> **To do**
Copy every entry below exactly as it appears, leaving out the images.

== Segment start ==

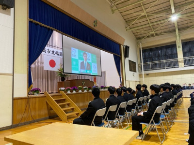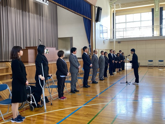 全校生の意見を反映し、生徒会が中心になって進めてきた「いじめ防止標語」作りが完成し、そのお披露目がありました。「気づいてよ 仮面に隠れた 辛い思い」です。全校生が一丸となってこの標語を胸にこの後の生活を送ってほしいです。
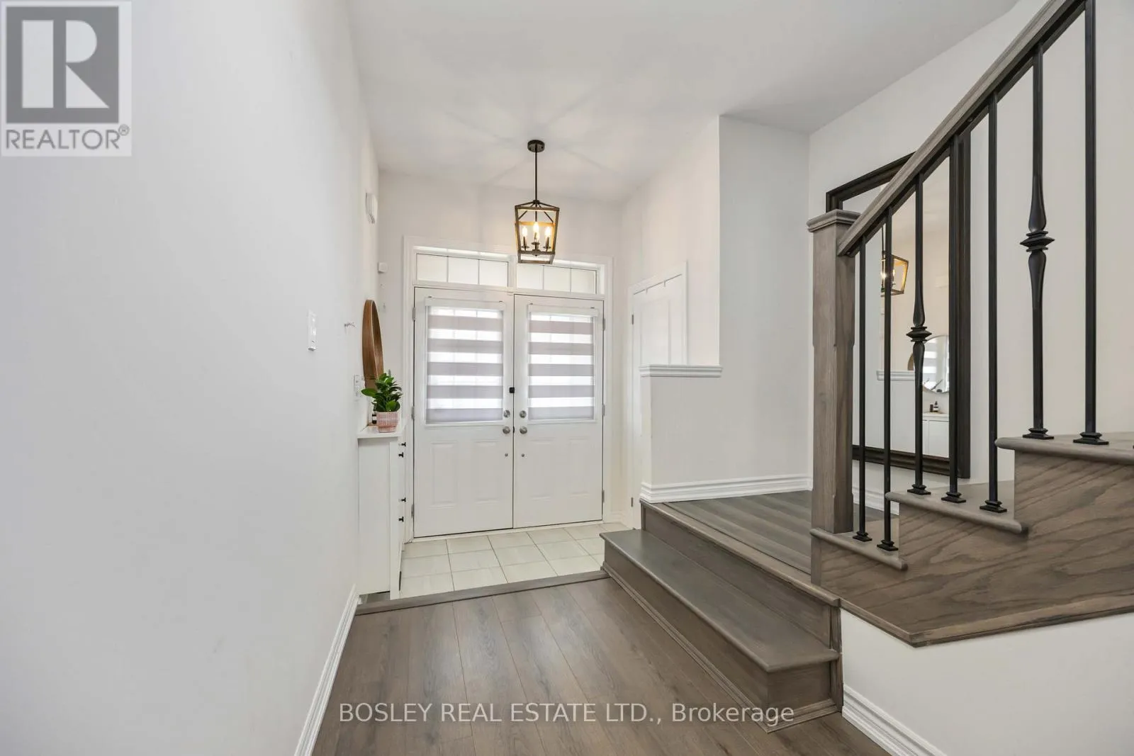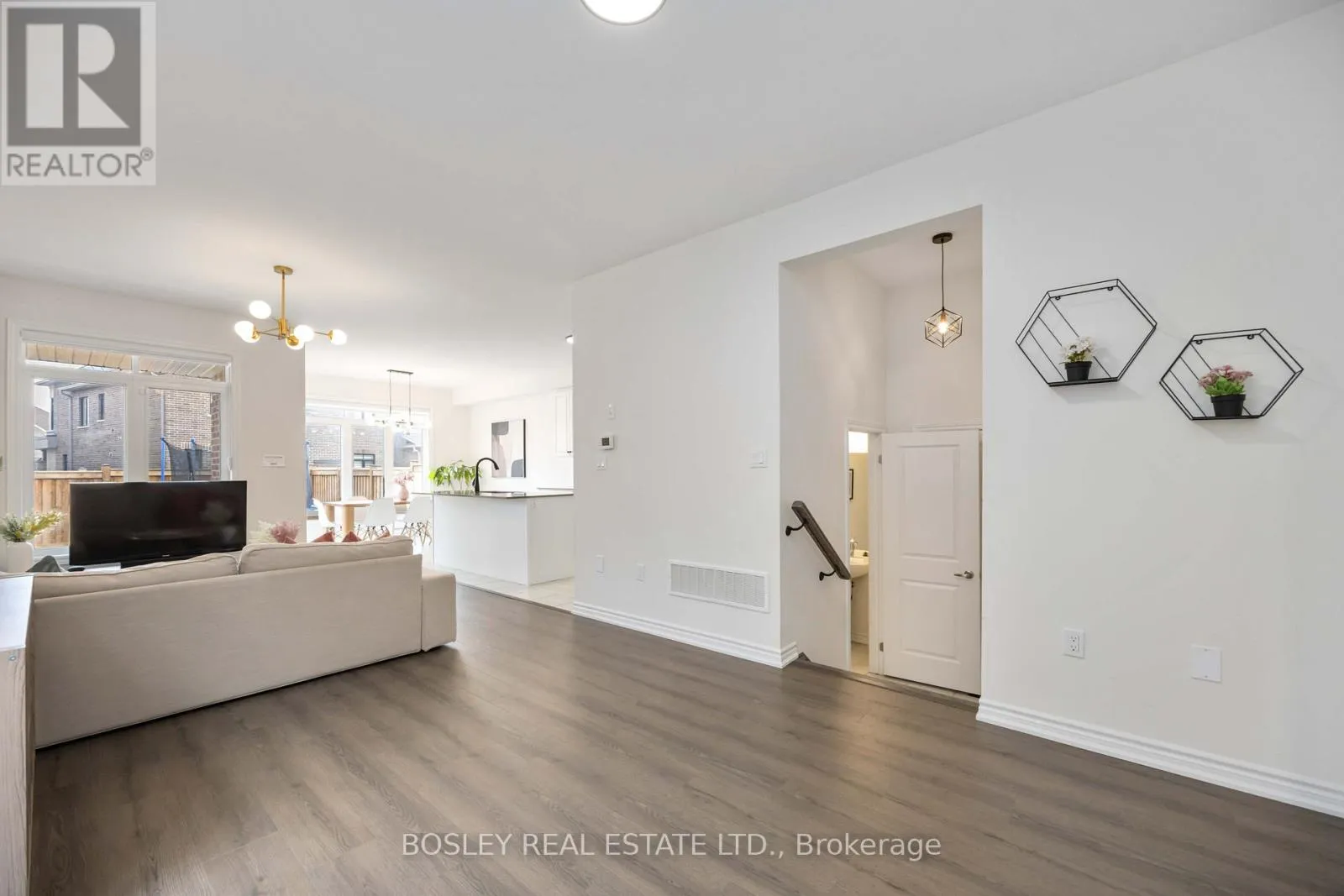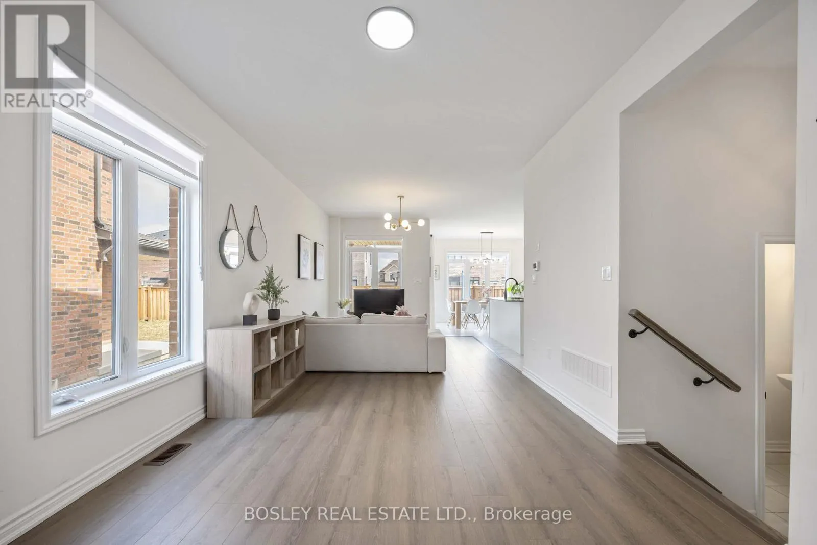 Simcoe Rd & Line 6th Beautiful built semi-detached home situated on a premium pie-shaped lot in a family-friendly neighborhood. Double door entry welcomes you into a bright open-concept living and dining area with 9-ft ceilings on the main floor and upgraded laminate flooring throughout the main level and upper hallway. The modern eat-in kitchen features a center island, upgraded granite countertops, stainless steel appliances, and luxury cabinetry, overlooking a spacious breakfast area. The second floor offers 3 generous bedrooms and 3 bathrooms, including a large primary bedroom with an oversized ensuite and frameless glass shower. Perfect for young families and couples starting a new chapter, located in a safe, kid-friendly community within walking distance to schools and playgrounds, and just minutes to shopping, restaurants, community centre, and Highway 400. The unfinished basement provides endless potential-create your dream recreation room, home gym, kids' play area, or design the space to suit your lifestyle. Almost new, stylish, and move-in ready - a fantastic opportunity to grow your family in a wonderful neighborhood. ****200 amp ***** New main floor Laminate installed 2025 ****Modern Light Fixtures **** 2nd Floor Laundry! ***** Newly Fenced BackYard ****New Modern Light Fixtures**** ****Less than 5 years old**** (id:27476)
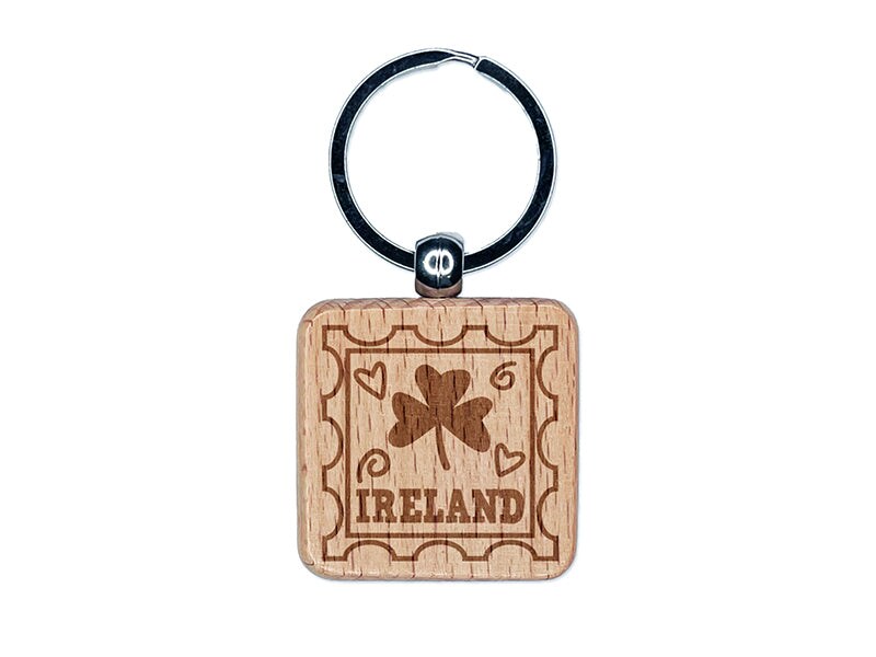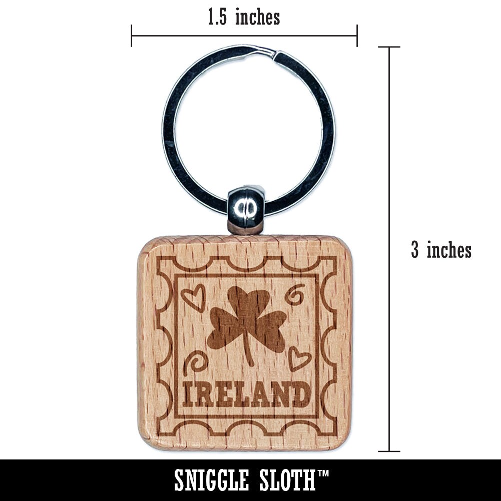 Ireland Shamrock Passport Travel Engraved Wood Square Keychain Tag Charm
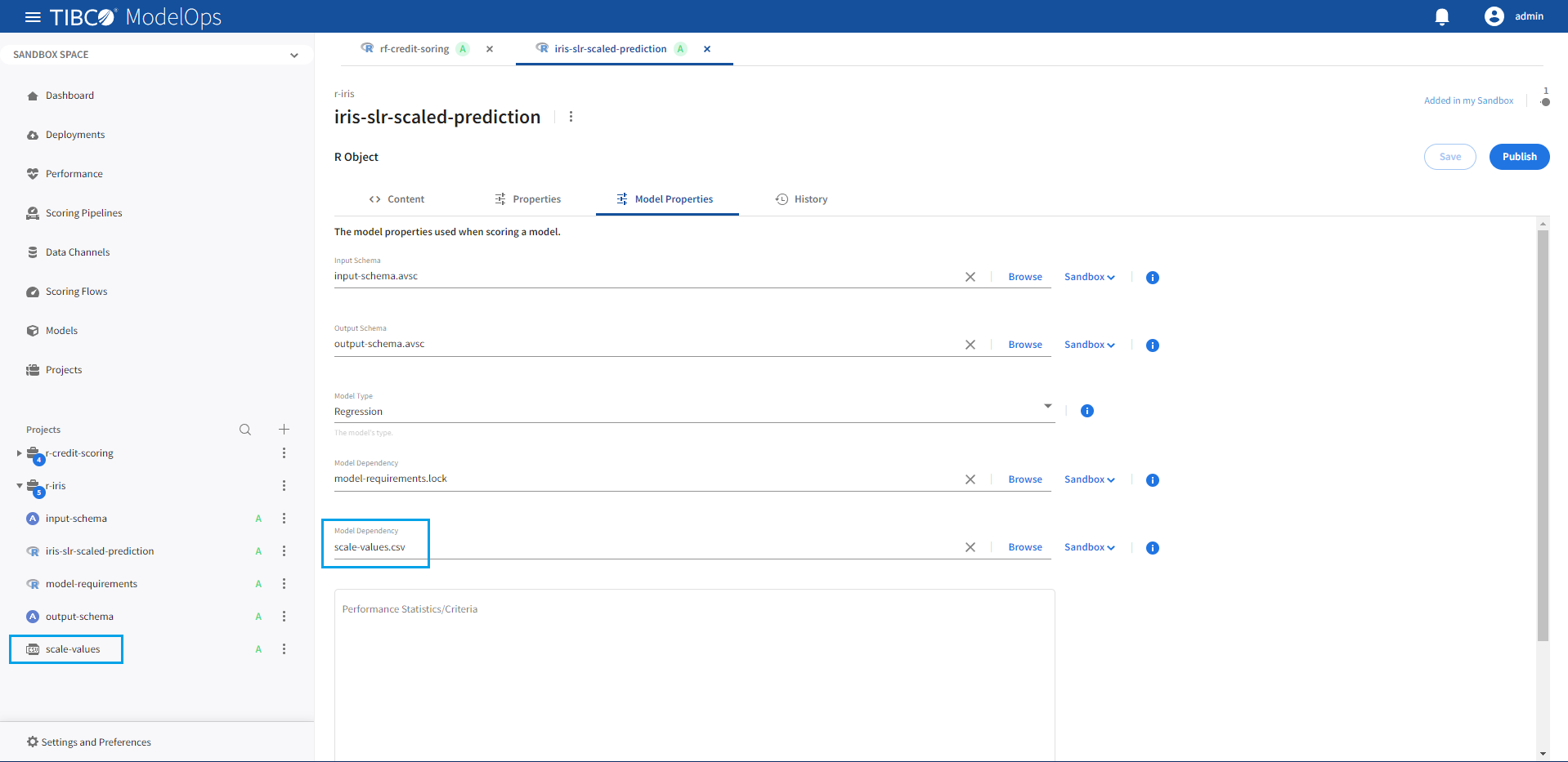For example, an R model might require values to scale the scored predictions from a CSV file. This file must be specified as a Model Dependency on the Model Properties page.
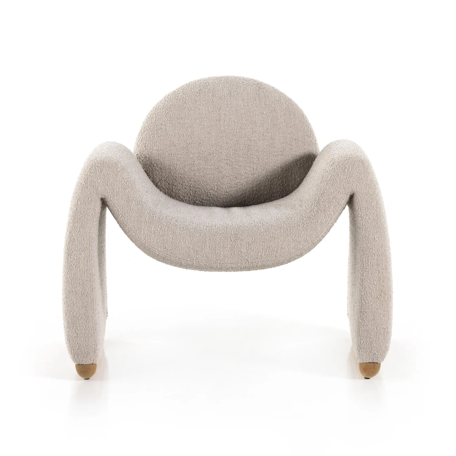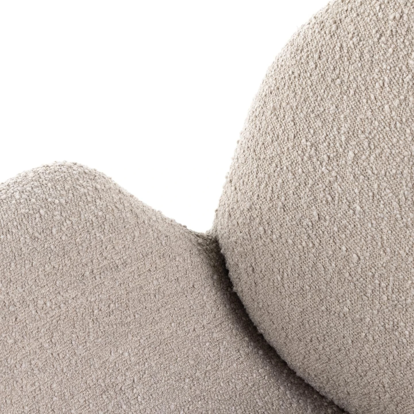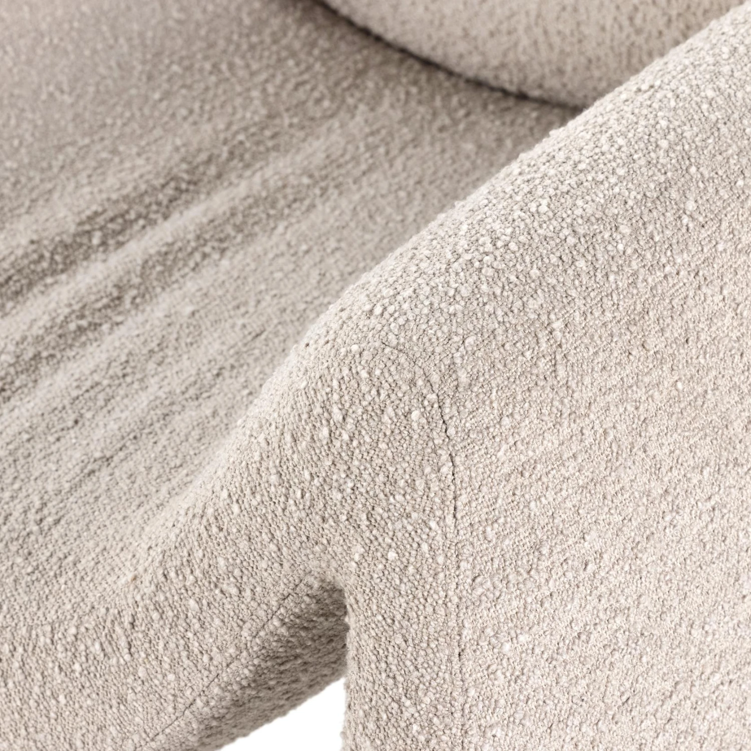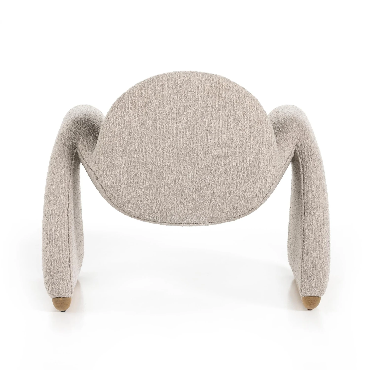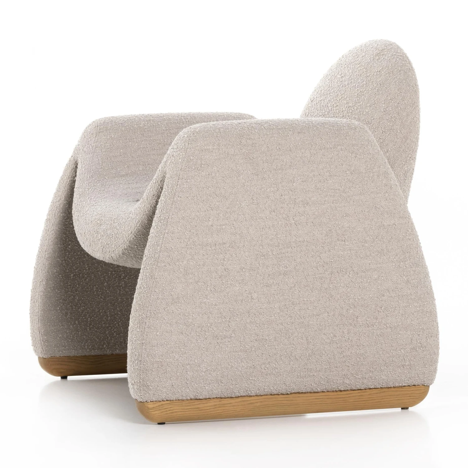 Bring some ’70s whimsy into play with a show-stopping accent chair. Made from high-performance fabric in a sandy boucle, dramatic shaping features fashionable folds and comfortable curves atop a minimal oak base. Performance fabrics are specially created to withstand spills, stains, high traffic and wear, ensuring long-term comfort and unmatched durability.
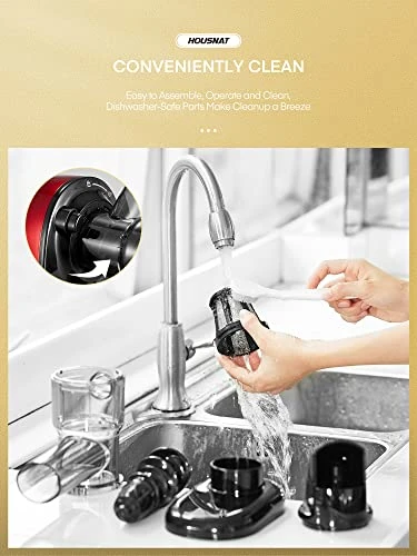 - 👉Easy to Disassemble & Clean👈: One-button assembly design allows you to disassemble the juicer in a few seconds. You can easily disassemble and clean. Reverse function avoids ingredients from getting stuck. Cleaning becomes an easy job with the equipped brush. All detachable parts are made of high-grade food-grade materials and makes cleaning a breeze.
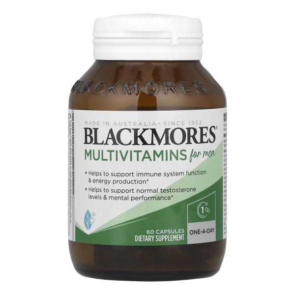 - Fácil fórmula para tomar una al día Fabricado en Australia Desde 1932 Suplemento dietético Una al día Ayuda al sistema inmunológico y producción de energía. Ayuda a mantener niveles normales de testosterona y rendimiento mental. Beneficios de Blackmores Multivitaminas para Hombres: Fórmula fácil para tomar una al día. Apoya la salud general y bienestar.

== Segment end ==

> **Written response**
 全校生の意見を反映し、生徒会が中心になって進めてきた「いじめ防止標語」作りが完成し、そのお披露目がありました。「気づいてよ 仮面に隠れた 辛い思い」です。全校生が一丸となってこの標語を胸にこの後の生活を送ってほしいです。
 Simcoe Rd & Line 6th Beautiful built semi-detached home situated on a premium pie-shaped lot in a family-friendly neighborhood. Double door entry welcomes you into a bright open-concept living and dining area with 9-ft ceilings on the main floor and upgraded laminate flooring throughout the main level and upper hallway. The modern eat-in kitchen features a center island, upgraded granite countertops, stainless steel appliances, and luxury cabinetry, overlooking a spacious breakfast area. The second floor offers 3 generous bedrooms and 3 bathrooms, including a large primary bedroom with an oversized ensuite and frameless glass shower. Perfect for young families and couples starting a new chapter, located in a safe, kid-friendly community within walking distance to schools and playgrounds, and just minutes to shopping, restaurants, community centre, and Highway 400. The unfinished basement provides endless potential-create your dream recreation room, home gym, kids' play area, or design the space to suit your lifestyle. Almost new, stylish, and move-in ready - a fantastic opportunity to grow your family in a wonderful neighborhood. ****200 amp ***** New main floor Laminate installed 2025 ****Modern Light Fixtures **** 2nd Floor Laundry! ***** Newly Fenced BackYard ****New Modern Light Fixtures**** ****Less than 5 years old**** (id:27476)
 Ireland Shamrock Passport Travel Engraved Wood Square Keychain Tag Charm
For example, an R model might require values to scale the scored predictions from a CSV file. This file must be specified as a Model Dependency on the Model Properties page.
 Bring some ’70s whimsy into play with a show-stopping accent chair. Made from high-performance fabric in a sandy boucle, dramatic shaping features fashionable folds and comfortable curves atop a minimal oak base. Performance fabrics are specially created to withstand spills, stains, high traffic and wear, ensuring long-term comfort and unmatched durability.
 - 👉Easy to Disassemble & Clean👈: One-button assembly design allows you to disassemble the juicer in a few seconds. You can easily disassemble and clean. Reverse function avoids ingredients from getting stuck. Cleaning becomes an easy job with the equipped brush. All detachable parts are made of high-grade food-grade materials and makes cleaning a breeze.
 - Fácil fórmula para tomar una al día Fabricado en Australia Desde 1932 Suplemento dietético Una al día Ayuda al sistema inmunológico y producción de energía. Ayuda a mantener niveles normales de testosterona y rendimiento mental. Beneficios de Blackmores Multivitaminas para Hombres: Fórmula fácil para tomar una al día. Apoya la salud general y bienestar.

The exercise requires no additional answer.